3. CAN DU PLERA MELEOR CERA. Quand Dieu plaira meilleur sera. Charm on a
ring, olim penes W. Hamper, F.A.S.
F.Q.
* * * * *
MINOR NOTES.
_Circulation of the Blood._--About twenty-five years since, being in a
public library in France, a learned physician pointed out to me in the
works of the Venerable Bede a passage in which the fact of the circulation
of the blood appeared to him and myself to be clearly stated. I regret that
I did not, at the time, "make a note of it," and that I cannot now refer to
it, not having access to a copy of Bede: and I now mention it in hopes that
some of your correspondents may think it worth while to make it a subject
of research.
J. MN.
_Culprit, Origin of the Word._--Long ago I made this note, that this much
used English word was of French extraction, and that it was "_qu'il
paruit_," from the short way the clerk of the court has of pronouncing his
words; for our pleadings were formerly in French, and when the pleadings
were begun, he said to the defendant "_qu'il parait_"--culprit; and as he
was generally culpable, the "_qu'il parait_" became a synonyme with
offender.
T.
Cambridge.
[Does not our ingenious correspondent point at the more correct origin
of _culprit_, when he speaks of the defendant being "generally
_culpable?_"]
_Collar of SS._--In the volume of Bury Wills just issued by the Camden
Society, is an engraving from the decorations of the chantry chapel in St.
Mary's Church, Bury St.

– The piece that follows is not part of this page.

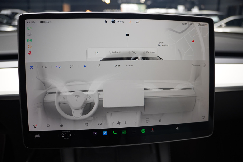Adaptive cruise control houdt de ingestelde snelheid vast en houdt automatisch afstand tot uw voorligger. Als u regelmatig met een aanhanger of een fietsendrager op pad bent, is de afneembare trekhaak een praktische extra. De speciale app verbindt met Connected Services, die de status van vitale functies bijhoudt en waarschuwt als u bijvoorbeeld moet tanken, de bandenspanning moet controleren of olie moet bijvullen. Qua muziekbeleving onderweg gaat deze auto ook een stevige stap verder dankzij het high performance audiosysteem. U verwacht natuurlijk electronic climate control in deze auto, en die is er dan ook. Met dashboard met spraakbediening, full map navigatiesysteem, lederen sportstuur, DAB+, keyless entry en automatisch dimmende buitenspiegels is deze Tesla helemaal compleet.

Edmund's, of John Baret, who died in 146-; in which
the collar is represented as SS in the upright form set on a collar of
leather or other material. It is described in the will as "my collar of the
king's livery." John Baret, says the editor of the Wills, was a lay officer
of the monastery of St. Edmund, probably treasurer, and was deputed to
attend Henry VI. on the occasion of the king's long visit to that famed
monastic establishment in 14--.
BURIENSIS.
_The Singing of Swans._--"It would," says Bishop Percy (Mallet's _North.
Antiq._, ii. p. 72.), "be a curious subject of disquisition, to inquire
what could have given rise to so arbitrary and groundless a notion as the
singing of swans," {476} which "hath not wanted assertors from almost every
nation." (Sir T. Browne.)
"Not in more swelling whiteness sails
Cayster's swan to western gales, [3]
When the melodious murmur sings
'Mid her slow-heav'd voluptuous wings."
T.J.
[Footnote 3: "It was an ancient notion that the music of the swan was
produced by its wings, and inspired by the zephyr. See this subject,
treated with his accustomed erudition, by Mr. Jodrell, in his
_Illustrations of the Ion of Euripides_."--Bulwer's _Siamese Twins_.]
_Sir Thomas Herbert's Memoirs._--In consequence of the suggestion of
[Greek: D.] (Vol. ii., p. 220.), I have applied to the owner of Sir T.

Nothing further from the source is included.